Işık: Havacılıkta yardımcı hizmetlere kilitlenmeliyiz
Savronik Elektronik Yönetim Kurulu Başkanı Kenan Işık, büyük pazarlara odaklanmak ve katma değerli ürünlere yönelmek gerektiğini kaydederek, “Bir bütünün parçası olmalıyız. Uçak teknolojisi çok uzun bir yol ve biz bunun trendlerini kaçırmışız. Dünyada üretim ve malzeme teknolojileri hızla değişiyor ve biz bu hızlı trene nereden bineceğimize bakmalıyız. Havacılıkta parça işlemek sektörün tek boyutu bu değil. Dünyada konuşulan en büyük havacılık projesi bizim yaptığımız havaalanı şu anda. Bu havaalanın yardımcı servisleri, yan ekipmanları, mobil ve bakım gibi çok sayıda yardımcı hizmeti var. Yani illaki uçak yapmak zorunda değiliz, yardımcı hizmetlere kitlenmeliyiz. Havacılık ve demiryolunun merkezinde olması Eskişehir’i ulaştırma teknolojilerinde önemli bir yere taşıyor çünkü artık dünyada kombine taşımacılık da çok önemli. Birbirine çok yakın bu ulaşım teknolojileri ile bir sinerji oluşturma şansımız var. Ayrıca Eskişehir, sıkışan Ankara ve İstanbul trafiğinde çok güzel bir kargo merkezi olabilir. Türkiye genelinde kümeler arası haksız bir rekabet var. Buna gerek yok çünkü küme doğal bir oluşumdur. Biz birlikte bir şeyler yapıyor olmalıyız. Ankara-Eskişehir- Bursa ve İzmir’in de yer aldığı, şehirlerarası iş bölümünün olduğu bir havacılık vadisi oluşturabiliriz yani kümelerin de kümeleşmeye ihtiyacı var” şeklinde konuştu.

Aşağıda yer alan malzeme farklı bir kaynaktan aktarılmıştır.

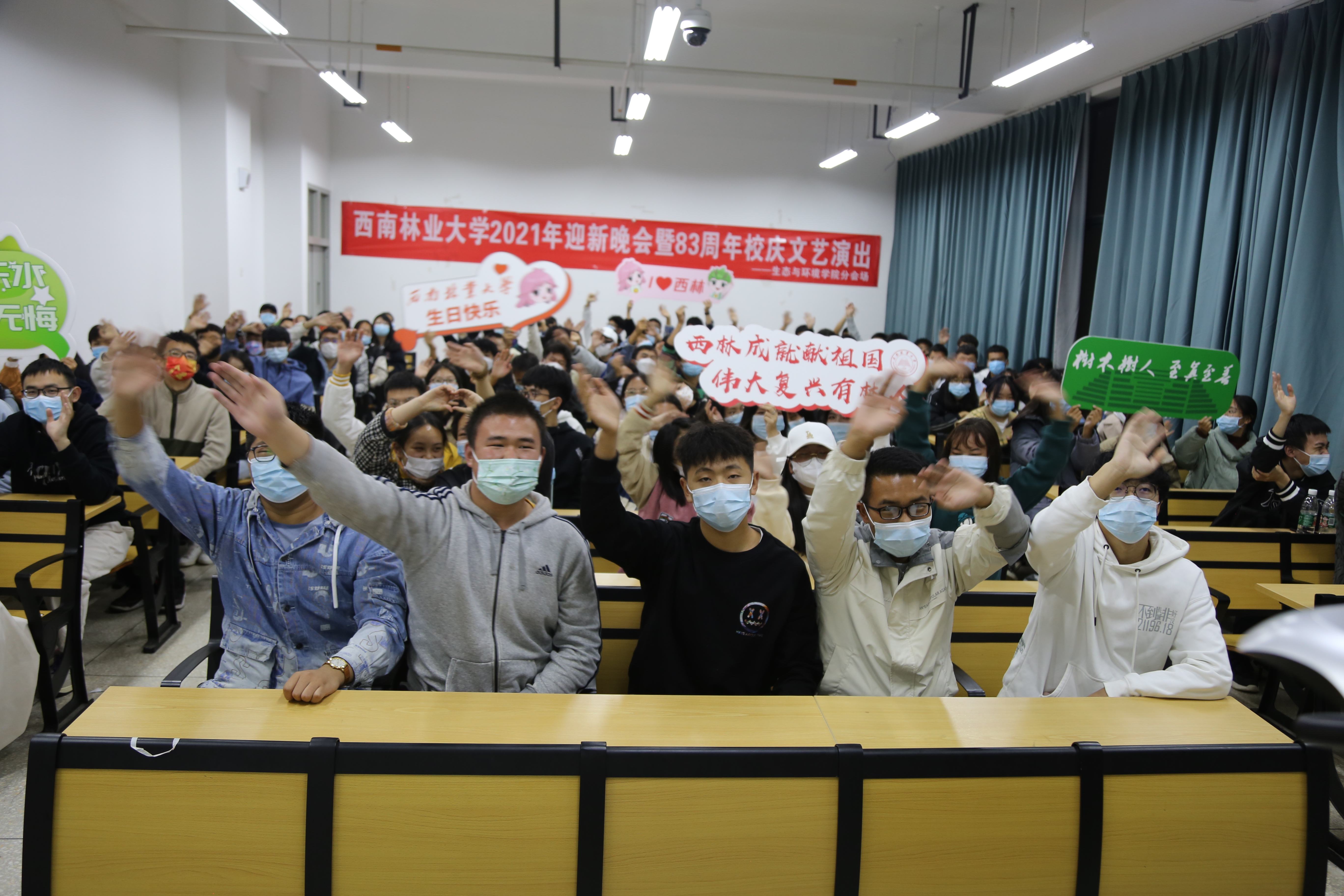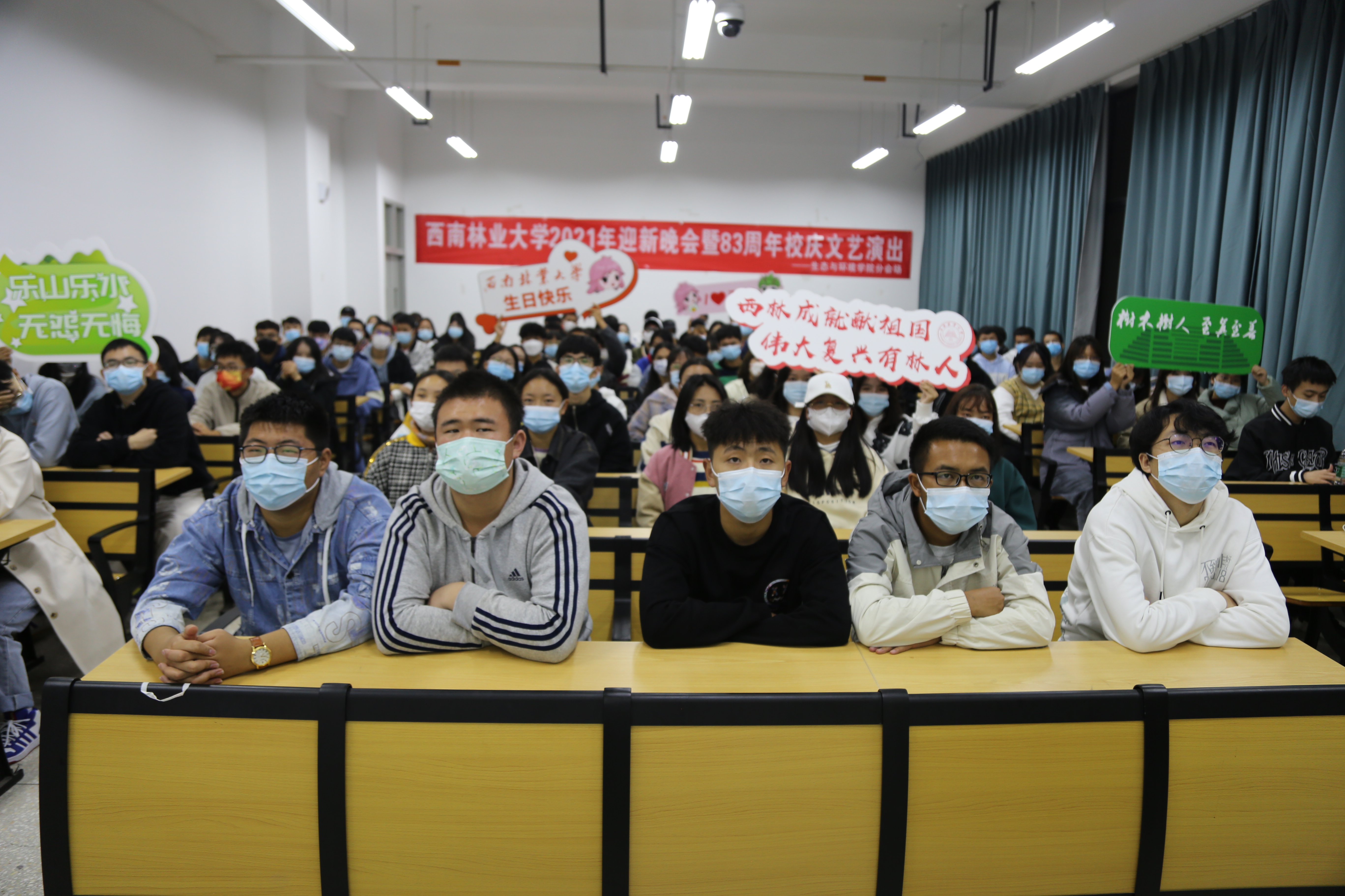 在这个举校相庆的日子里,公司于10月22日晚上7点举办“西林成就献祖国、伟大复兴有林人——2021年迎新晚会暨建校83周年校庆文艺演出”,生态与环境公司组织新生观看晚会直播。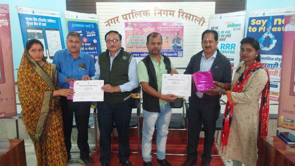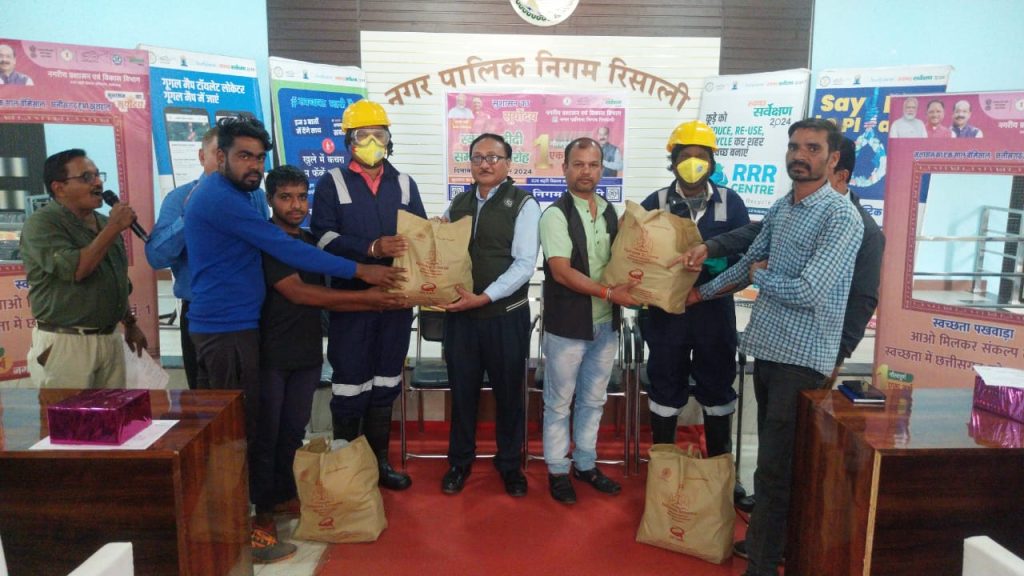 रिसाली । नगर पालिक निगम रिसाली के श्रेष्ठ कार्य करने वाले कर्मचारियों का सम्मान नेता प्रतिपक्ष शैलेन्द्र साहू ने किया। आयुक्त मोनिका वर्मा के मार्गदर्शन में स्वच्छता दूत को प्रमाण पत्र और उपहार दिया। स्वच्छता कमाण्डों को किट प्रदान किया गया। इस अवसर पर कार्यक्रम के मुख्य अतिथि शैलेन्द्र साहू ने नगरीय निकाय रिसाली में होने वाले विकास कार्य को विस्तार से बताया। योजनाओं को शहर के अंतिम छोर तक पहुंचाने के लिए कर्मचारियों को एक माध्यम बताया। कार्यक्रम में स्वच्छता दूत के अलावा उन प्रतिभागियों का भी सम्मान किया गया जिन्होंने इस पखवाड़ा में बेहतर प्रदर्शन किया है। इस अवसर पर कार्यपालन अभियंता एम.पी. देवांगन, जनस्वास्थ्य विभाग के प्रभारी अधिकारी बृजेन्द्र परिहार, प्रभारी उपअभियंता गोपाल सिन्हा, अमित चंद्राकर आदि उपस्थित थे। कार्यक्रम का संचालन चन्द्रपाल हरमुख ने किया।

Turan: Bankaların yüksek faizleri KOBİ’leri yoruyor
Numerik Makine Genel Müdürü Cumhur Turan, 10 yıl önce savunma ve havacılık sektörüne hiç ofset desteği verilmediğini belirterek, “Savunma sanayi bir uçağı ya da herhangi bir projeyi seçip alıyordu. Şimdi en azından bir tane alınması lazım deniyor ve ana sanayi iş alıyor ordan yan sanayilere de iş düşüyor. Havacılıkta yan sanayi olarak 30 firmaya yakınız. Bu grubun arkasındaki kişiler daha alt grup ve daha zor şartlarda çalışıyorlar ve yan sanayi olmak için ne yapmak gerektiğini düşünüyorlar. Bu konuda en büyük sorunlarımızdan biri makine yatırımı. Bir makine alırken ana sanayiden iş alacağım düşüncesi ile büyük bir risk alınıyor. Makine için bankalardan alınan kredilerin faizleri KOBİ’lerin belini ciddi olarak büküyor. Yüksek faizle yatırım yaparken yoruluyoruz” dedi.
Coşkun: Rekabet için makine parkının yenilenmesi gerek
Coşkunöz Savunma ve Havacılık Sanayi Genel Müdürü Mehmet Coşkun, sivil havacılıkta yıllık yüzde 5 büyüme öngörüldüğünü vurgulayarak, “Havacılıkta bir zamanlar hayal olan ayda 50 uçak bariyeri kırıldı ama detayda bazı tehlike sinyalleri var. Bu büyüme esasen Uzakdoğu kökenli ve genelde tek koridorlu uçaklara talepten kaynaklı bir büyüme. Ana firmaların yatırımları yavaş yavaş Malezya, G.Kore, Çin, Meksika, Hindistan’a doğru kayıyor. Artık ucuz işçilik cenneti olan Balkan ülkeleri değil daha düşük maliyetli ülkelerle rekabet eder duruma gelme noktasındayız. Dünya rekabeti için Malezya ve Hindistan’dan daha ileride olmalıyız. Bunun için makine parkımızı acilen yenilemeliyiz. Uzun vadeli düşük faizli krediler için sektöre özel teşvikler çıkartılmalı ” diye konuştu.